- _What you have to do_
Everything in the listing should be copied exactly, save for the pictures.

- _Collected data_

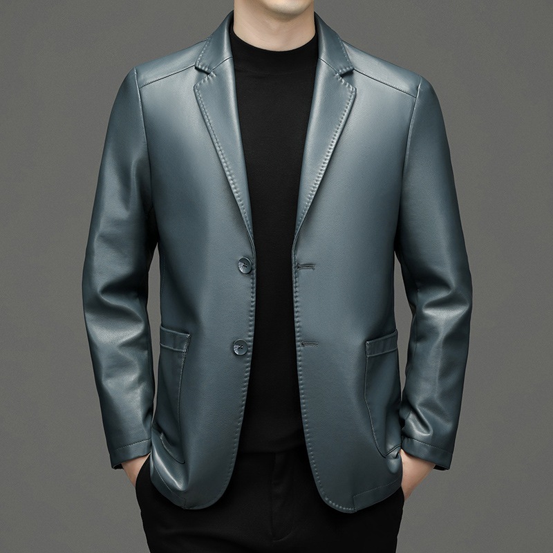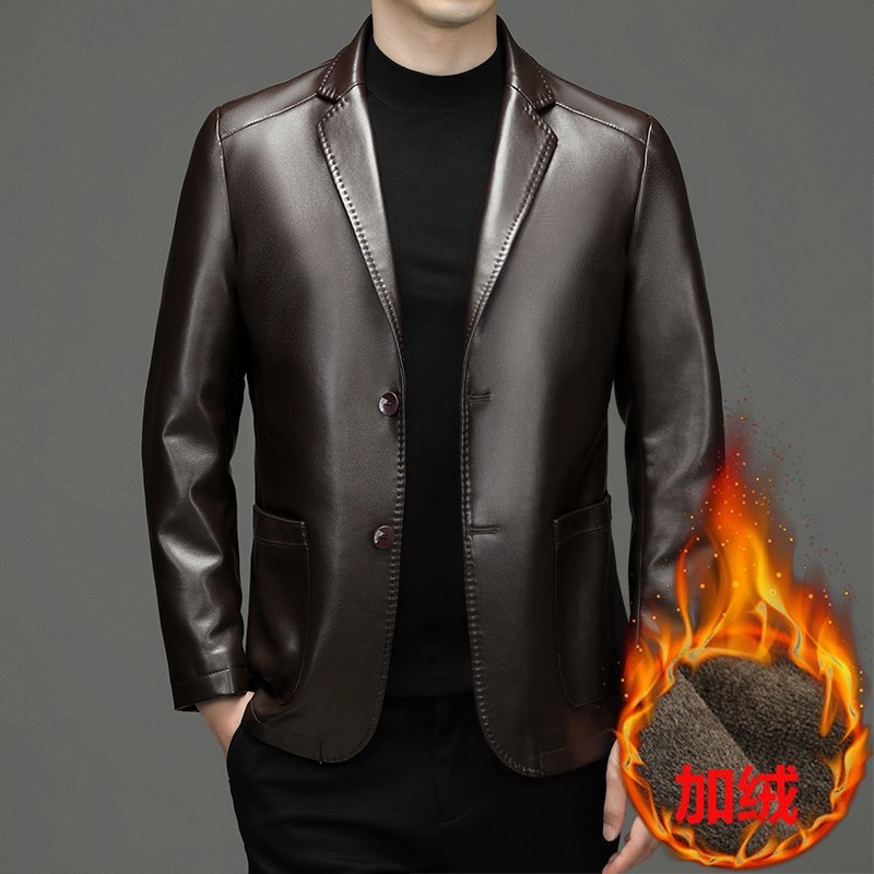 2024, осенне-зимний новый стиль, мужской повседневный костюм из козьей кожи среднего возраста, верхняя куртка для папы с воротником
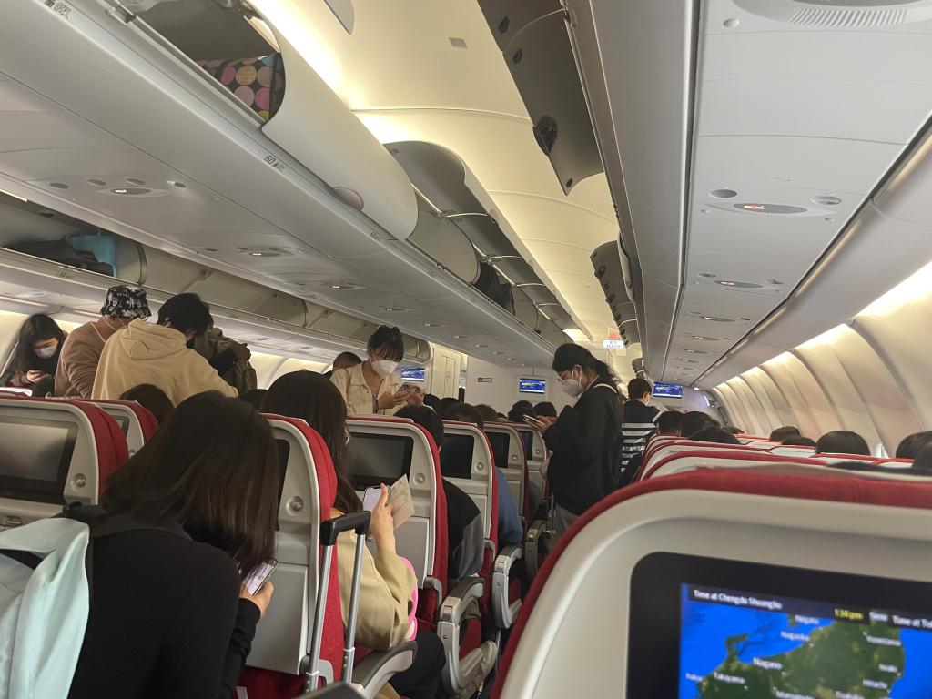 落地成田机场时的机舱内景象
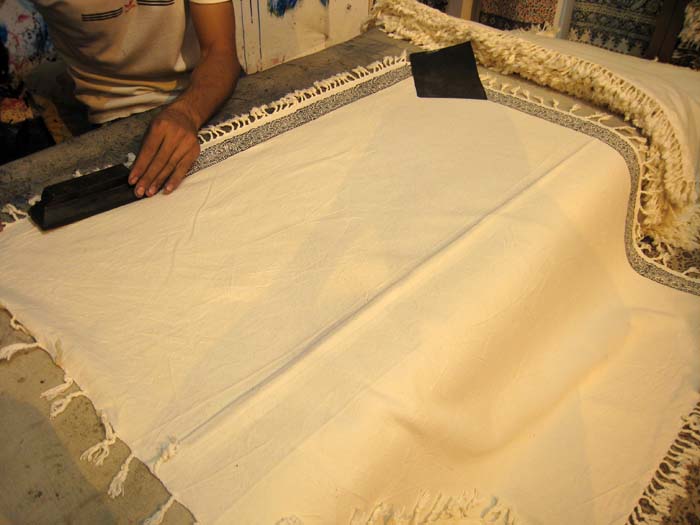 Fabrication des tentures traditionelles avec des tampons encrés ; bazar d'Ispahan
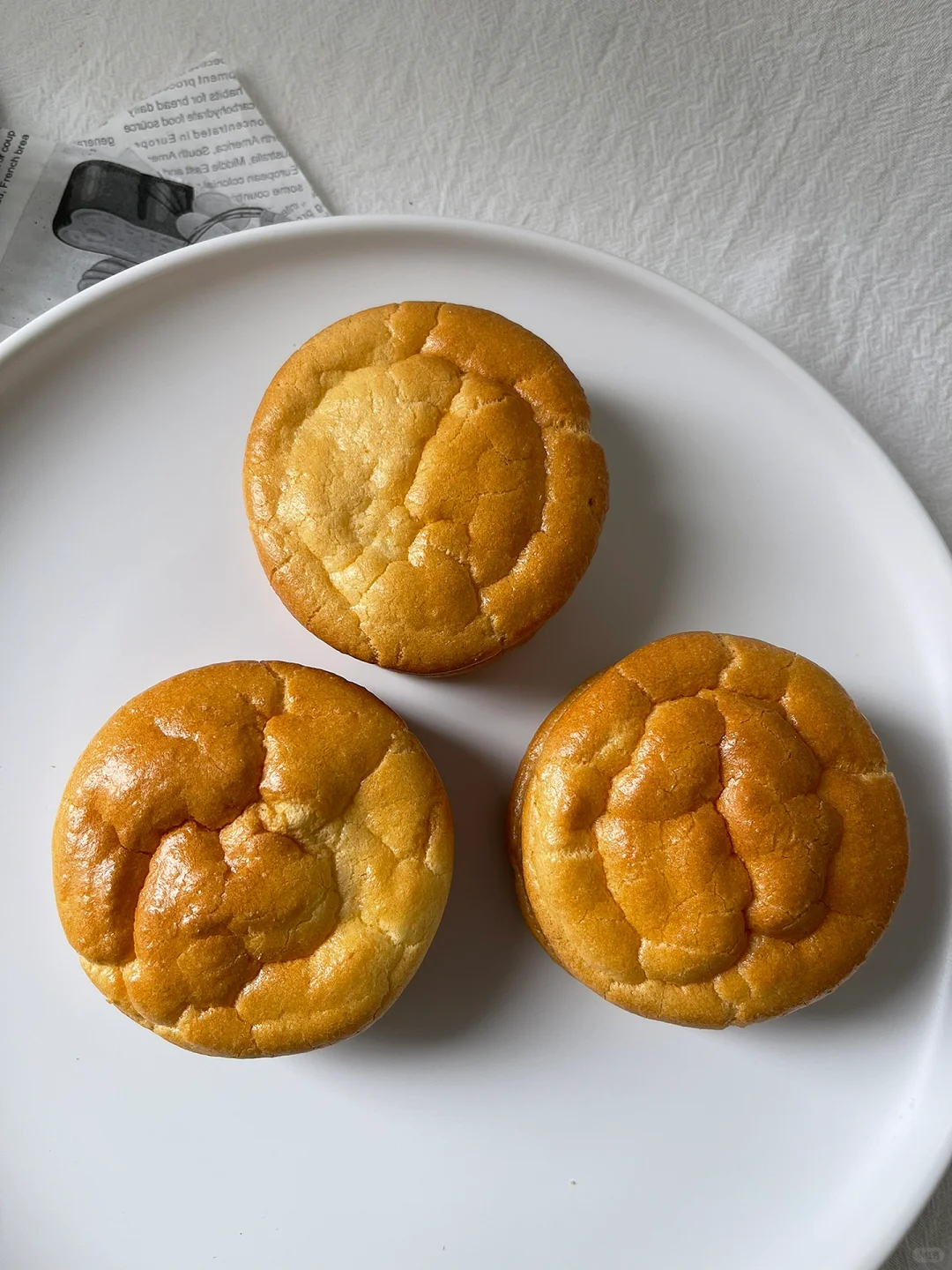 2⃣️两个蛋清加零卡糖,打发至蓬松硬挺状态,一半挖出加入蛋黄糊中翻拌均匀,翻拌后的糊糊再倒回蛋清糊中,翻拌均匀,装入裱花袋,挤出圆饼形在油纸上

- _Your response_
 2024, осенне-зимний новый стиль, мужской повседневный костюм из козьей кожи среднего возраста, верхняя куртка для папы с воротником
 落地成田机场时的机舱内景象
 Fabrication des tentures traditionelles avec des tampons encrés ; bazar d'Ispahan
 2⃣️两个蛋清加零卡糖,打发至蓬松硬挺状态,一半挖出加入蛋黄糊中翻拌均匀,翻拌后的糊糊再倒回蛋清糊中,翻拌均匀,装入裱花袋,挤出圆饼形在油纸上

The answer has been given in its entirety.